Море житейское
Шрифт:
– Так надо, - заучиваю я.
– А теперь, ответь, тебе нужен стакан с двойным дном?
– Зачем?
– спрашиваю я.
– Так надо, - говорит Коля и объясняет, что он выиграл.
– Тут еще надо хитро спросить. Теперь твоя очередь.
– Ты ведь врешь, что тебя все женщины любят, врешь?
– Кому я нужен?
– сердится Коля. Он потерял интерес к игре. Берет со стола и расколупывает яйцо.
– Витамин це, яйце, сальце, мясце. Нет, не так: витамин це, чтоб не было морщин на лице. Витамин ю, чтоб не было морщин...
–
– Я полежу или тебе это не в кайф?
– Ложись. Я стакан с водой поставлю и таблетку. Ты ночью проснешься, ее прими и водой запей.
– Вода не утоляет жажды, я, помню, пил ее однажды.
– Коля все еще пытается шутить.
– Загулял, так не воротишь, горькая рябинушка, наливай стакан полнее, тетка Акулинушка.
Я снимаю с него сапоги, он сопротивляется, но я говорю, что так надо, и он засыпает.
Знаю, что впереди у меня невеселая ночь. Но еще совсем не ночь, хотя на улице темно. Осень. По телевизору программа «Время». Первое вставание Коли я выдерживаю, еще не ложась спать. Коля встает, всматривается в экран. Показывают сидячую демонстрацию.
– У нас вчера лежачая была. Народу-то сколь у них, как грязи, а мы обезлюдели. Убей меня!
«Убей меня» на Колином языке означает: «Налей мне, и я усну».
Выпив, он бормочет:
– В нашей Вятскоей губерньи стало больше волоков, сколь наделал непорядков нам товарищ Щелоков. Все - спать! Лошадь в овсе не пасется, орел мух не ловит!
Он ложится и тяжело дышит. Ресницы иногда поднимаются, видна мутная полоска глаза.
Второе его пробуждение мучительно для меня, так как я уже заснул. Но Коле страшно одному, без света. Он будит меня, ему показалось (по-карзилось), что с ним рядом была бесовка.
– Как ты понял, что бесовка?
– Иди, говорит, ко мне. Ты добрый, ты хороший, тебя никто не ценит. Тебя, говорит, только я пожалею. Волосы у нее огромные, много волос, мне в рот лезут, я весь исплевался. А лицо, лицо! Смотрит! Лежит в портрете волос, зовет!
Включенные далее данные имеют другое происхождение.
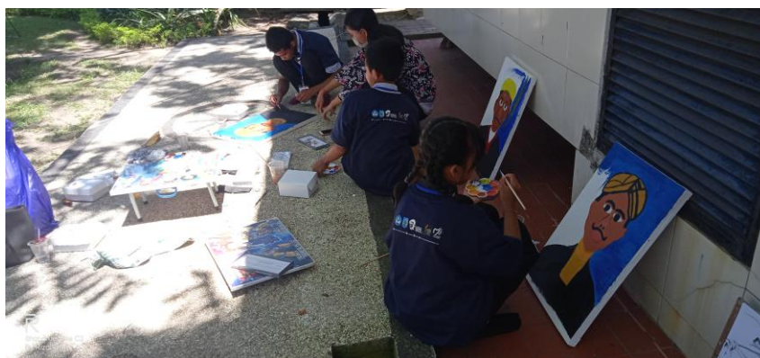
Gambar 3. Proses Pendampingan Melukis Berdasarkan Kelompok

Tahap kegiatan pendampingan peserta melukis, kami melakukan pendampingan secara langsung kepada peserta selama proses kegiatan workshop . Mulai dari tehnik mencampur cat sampai pada tahap tehnik permainan warna. Demi menjalankan kegiatan dengan baik maka tim pendamping berpencah berkelompok dan didampingi oleh pemateri dan panitia workshop melukis potret tokoh bangsa.
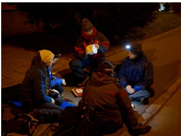
Jeden z týmů během luštění šifry.
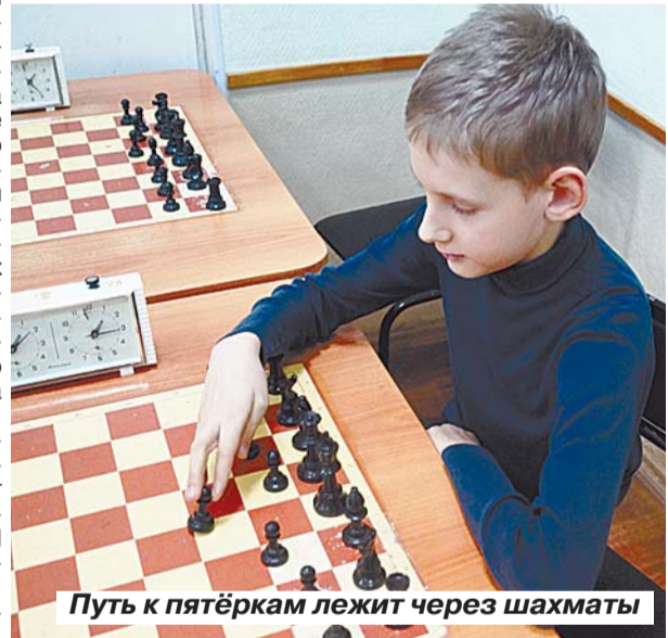
Путь к пятёркам лежит через шахматы
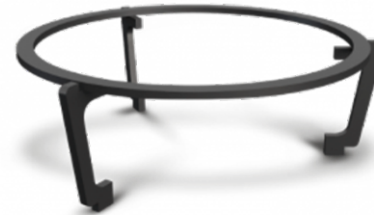
Подставка под казан
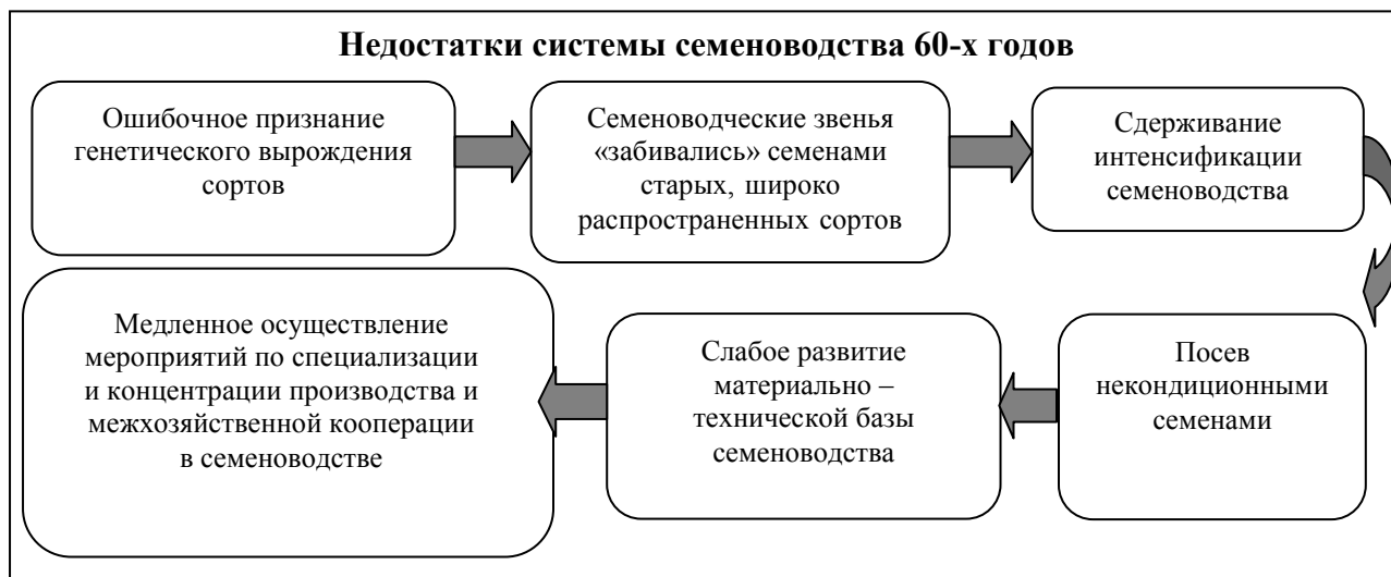
Рис. 2. Недостатки системы семеноводства 60-х годов

4 ноября 1976 года ЦК КПСС и Совет Министров СССР принимают Постановление № 915 «О мерах по дальнейшему улучшению селекции и семеноводства зерновых, масличных культур и трав», которое предусматривало: разработку и осуществление мероприятий по улучшению организации селекционно-семеноводческой работы по зерновым, масличным культурам и травам, по ускоренному созданию и внедрению в производство новых высокопродуктивных сортов этих культур, отвечающих требованиям интенсивного земледелия, а также по организации производства на промышленной основе высококачественных сортовых семян в специализированных семеноводческих хозяйствах и межхозяйственных объединениях и укреплению материально-технической базы селекции и семеноводства [8]. В 1976 г. начинается пятый этап развития системы семеноводства, продолжающийся до 1985 года.
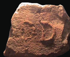
6. kép: domború ?DD (ismeretlen)
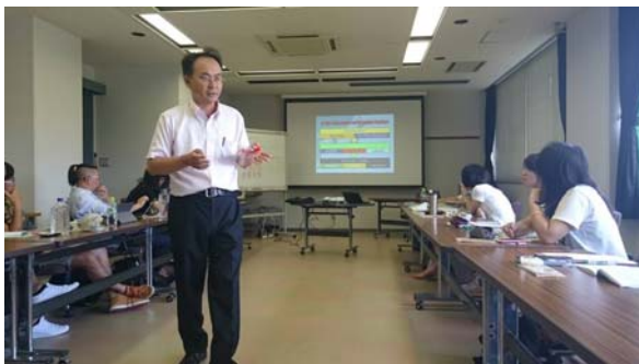
吉中信人老師授課
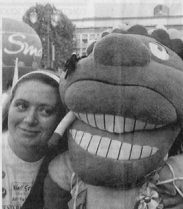
Alla partenza in piazza Alfieri della «StraAsti» del maggio scorso

datore del Gruppo Pegaso, devolgerà una quota di 6.000 euro al sodalizio che astigiano che si occupa di far fare sport ai disabili. Altri contributi per complessivi 2000 euro andranno all'Unicef, al Som (Solidarietà odontoiatri-
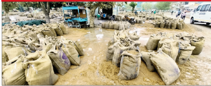
रेवाड़ी। बुधवार को आई तेज बरसात से भीगी व सड़क पर पड़ी सरसों।
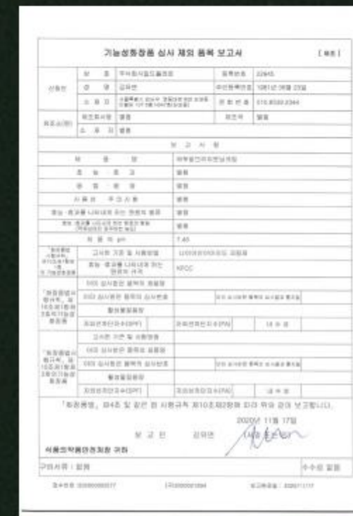
에뚜알 브라이트닝 크림 기능성 화장품 인증서
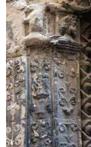
6. Détail de décor Renaissance, rue des Clercs Detail of Renaissance decor, Rue des Clercs
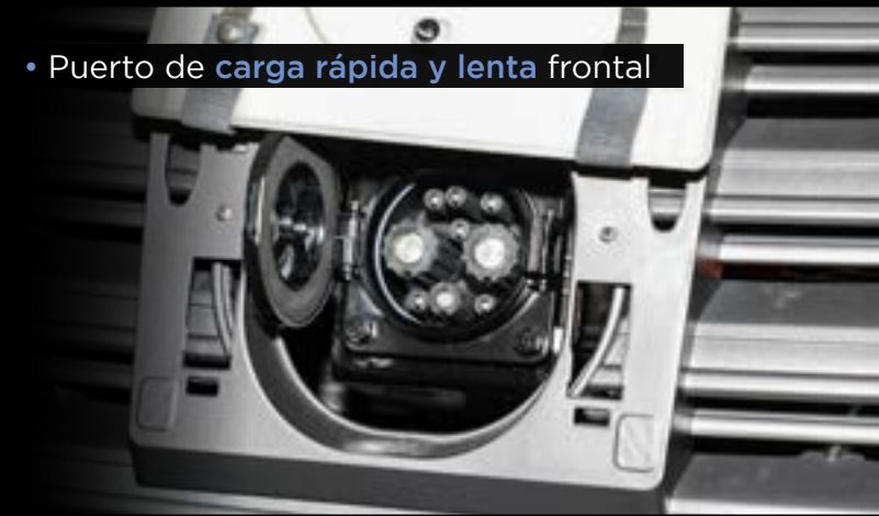
• Puerto de carga rápida y lenta frontal
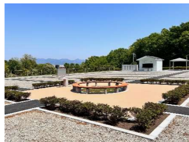
区画墓地の中央には休憩所を設けており、ベンチに座って休憩することができます

Я к ней, она - раз ко мне спиной и хвостом меня по морде! Хвост у нее! Хвост! Потоньше коровьего.
Коля вытирает пот со лба, садится и плачет. Закуривает. Слезы текут на стол, в них и тушит Коля сигарету, вновь прося убить его.
– Меня одна из тещ, я же за ней горшки выносил, найди еще такого зятя, лежит и лает, и лает, и лает. Выносил, выносил, говорю: «Теща, тебе ведь скоро на том свете отчет держать». Она говорит: «Ничего, мне есть что про тебя рассказать». Я говорю: «При чем тут я, за меня с других спросят».
– Прими таблетку.
– Да приму, приму. Я их горстями пью, ты не волнуйся, приму. Я спать пока боюсь, пусть она подальше улетит. Ну хвостище! У меня еще другое было - так же вот сижу, передо мной, как сейчас, стакан. А по краю он бегает, на меня остреньким пальцем показывает и кричит: «Пьяница, пьяница!» Я стакан к себе поднимаю, он бульк в него, там буль-буль - и в стакане пусто. Меня же ругает, сам пьет.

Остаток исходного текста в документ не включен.